• _Required work_: The lines to reproduce from the material below are those from the one containing "Почтовые марки. СССР, 1947" through the one containing "Эксперты проекта Народного", both included; write them out exactly and add nothing.

• _Material provided_:
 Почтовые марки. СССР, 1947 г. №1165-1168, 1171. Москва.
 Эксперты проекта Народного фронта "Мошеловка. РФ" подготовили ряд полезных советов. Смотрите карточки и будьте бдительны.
...
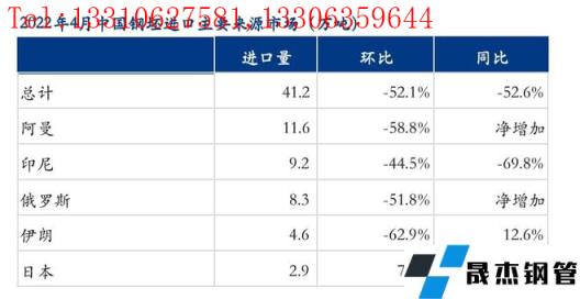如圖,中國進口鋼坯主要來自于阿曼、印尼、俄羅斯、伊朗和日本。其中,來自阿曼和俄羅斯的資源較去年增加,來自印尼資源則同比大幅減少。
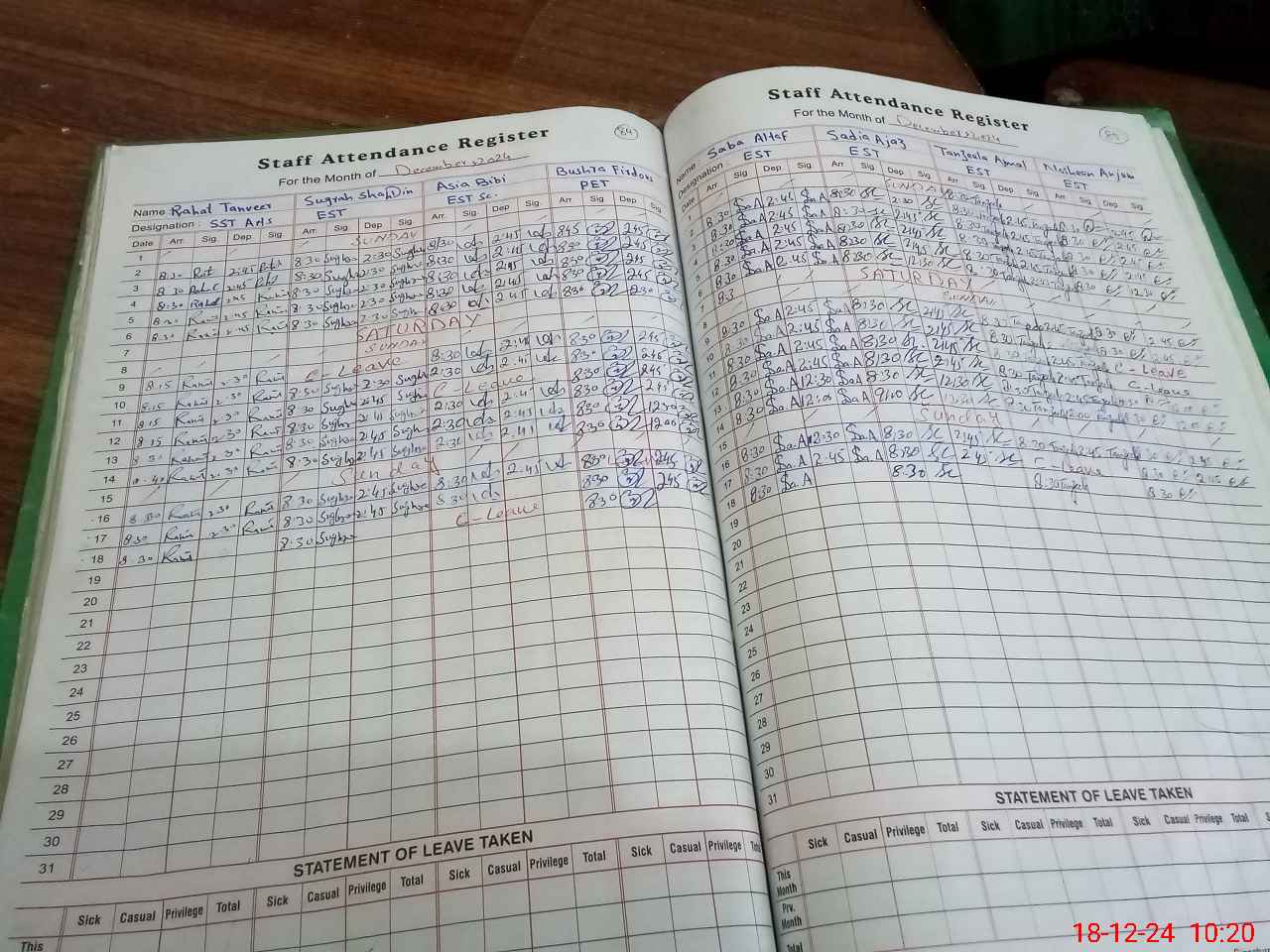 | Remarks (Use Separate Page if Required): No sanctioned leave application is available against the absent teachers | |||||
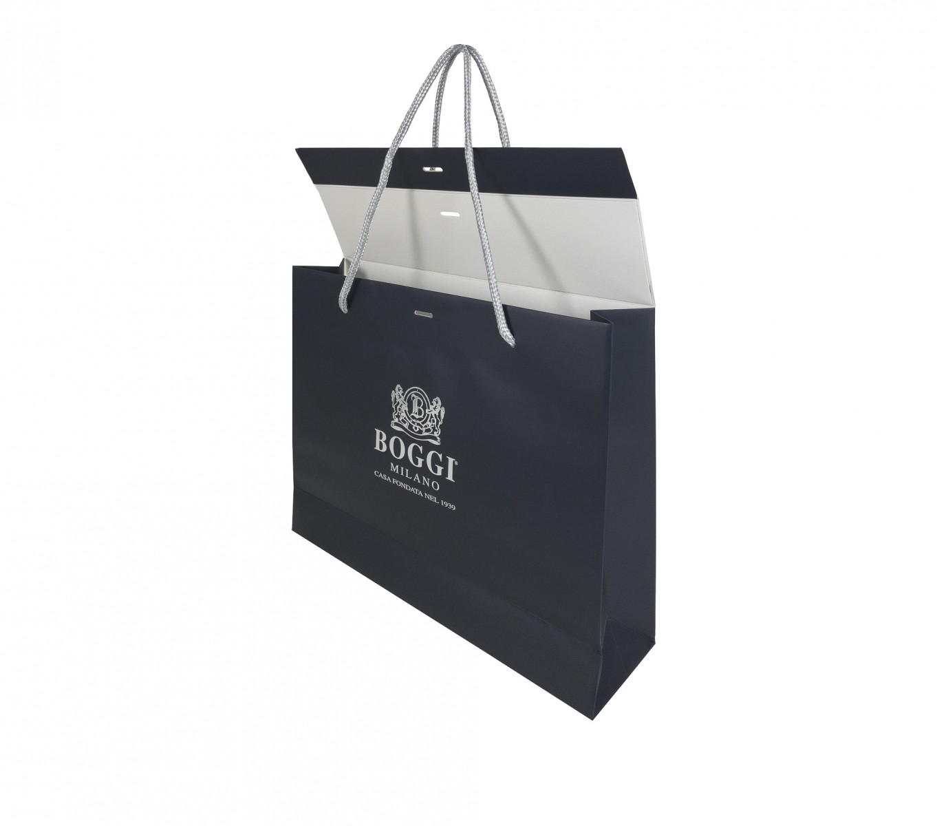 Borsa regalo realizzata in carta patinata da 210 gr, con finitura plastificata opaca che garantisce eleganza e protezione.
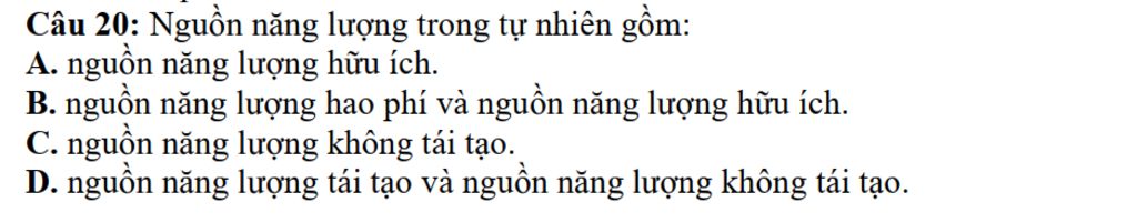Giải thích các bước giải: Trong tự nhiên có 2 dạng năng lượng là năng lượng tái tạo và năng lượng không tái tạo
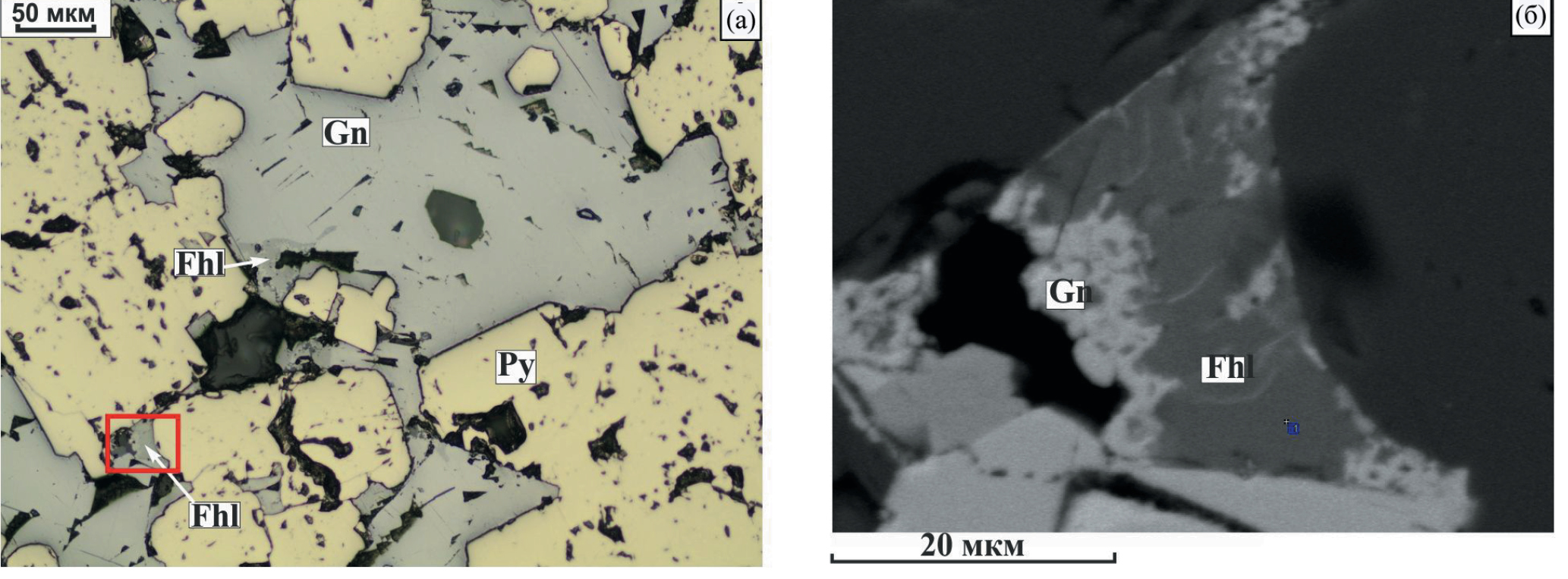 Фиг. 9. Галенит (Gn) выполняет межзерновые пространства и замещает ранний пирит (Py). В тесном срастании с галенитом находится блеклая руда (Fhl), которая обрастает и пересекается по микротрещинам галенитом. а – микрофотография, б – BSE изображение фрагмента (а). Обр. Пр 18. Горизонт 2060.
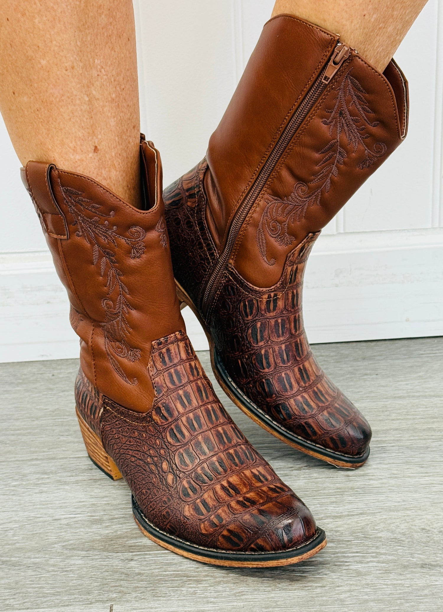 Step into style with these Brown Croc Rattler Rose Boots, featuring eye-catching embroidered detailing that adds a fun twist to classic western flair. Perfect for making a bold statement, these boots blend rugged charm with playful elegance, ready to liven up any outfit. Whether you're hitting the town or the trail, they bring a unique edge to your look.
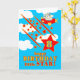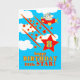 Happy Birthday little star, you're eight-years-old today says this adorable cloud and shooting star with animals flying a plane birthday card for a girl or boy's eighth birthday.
==
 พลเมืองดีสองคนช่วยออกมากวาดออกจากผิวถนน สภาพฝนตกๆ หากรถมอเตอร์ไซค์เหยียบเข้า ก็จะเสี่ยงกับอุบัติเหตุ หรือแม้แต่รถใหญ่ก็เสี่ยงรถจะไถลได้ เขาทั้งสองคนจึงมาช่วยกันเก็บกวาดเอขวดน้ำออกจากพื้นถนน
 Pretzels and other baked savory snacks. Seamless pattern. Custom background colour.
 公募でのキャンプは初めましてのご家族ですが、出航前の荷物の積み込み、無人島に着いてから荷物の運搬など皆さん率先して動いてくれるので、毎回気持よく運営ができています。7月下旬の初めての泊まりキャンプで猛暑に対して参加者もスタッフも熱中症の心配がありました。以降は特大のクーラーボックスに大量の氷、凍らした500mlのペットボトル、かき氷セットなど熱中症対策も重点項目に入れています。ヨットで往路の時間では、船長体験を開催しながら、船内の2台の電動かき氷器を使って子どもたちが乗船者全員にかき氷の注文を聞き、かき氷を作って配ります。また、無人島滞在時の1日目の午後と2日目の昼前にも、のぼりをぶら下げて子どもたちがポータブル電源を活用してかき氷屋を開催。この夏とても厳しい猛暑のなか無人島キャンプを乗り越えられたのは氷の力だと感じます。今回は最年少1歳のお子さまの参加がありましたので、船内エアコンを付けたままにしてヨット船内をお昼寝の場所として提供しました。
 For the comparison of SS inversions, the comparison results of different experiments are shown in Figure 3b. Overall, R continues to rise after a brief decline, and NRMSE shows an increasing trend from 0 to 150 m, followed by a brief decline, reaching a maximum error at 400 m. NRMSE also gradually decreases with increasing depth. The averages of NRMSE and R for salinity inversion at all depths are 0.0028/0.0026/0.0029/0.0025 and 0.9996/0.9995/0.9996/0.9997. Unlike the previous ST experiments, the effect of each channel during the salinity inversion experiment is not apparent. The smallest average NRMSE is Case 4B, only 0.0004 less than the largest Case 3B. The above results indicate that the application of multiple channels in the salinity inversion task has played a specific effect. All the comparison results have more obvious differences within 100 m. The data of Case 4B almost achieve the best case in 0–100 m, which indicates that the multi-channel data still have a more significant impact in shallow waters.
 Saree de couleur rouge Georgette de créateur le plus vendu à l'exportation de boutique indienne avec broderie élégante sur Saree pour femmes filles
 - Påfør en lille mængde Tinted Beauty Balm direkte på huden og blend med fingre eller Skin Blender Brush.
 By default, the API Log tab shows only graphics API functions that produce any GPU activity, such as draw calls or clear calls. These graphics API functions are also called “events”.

• _Task output_:
 Почтовые марки. СССР, 1947 г. №1165-1168, 1171. Москва.
 Эксперты проекта Народного фронта "Мошеловка. РФ" подготовили ряд полезных советов. Смотрите карточки и будьте бдительны.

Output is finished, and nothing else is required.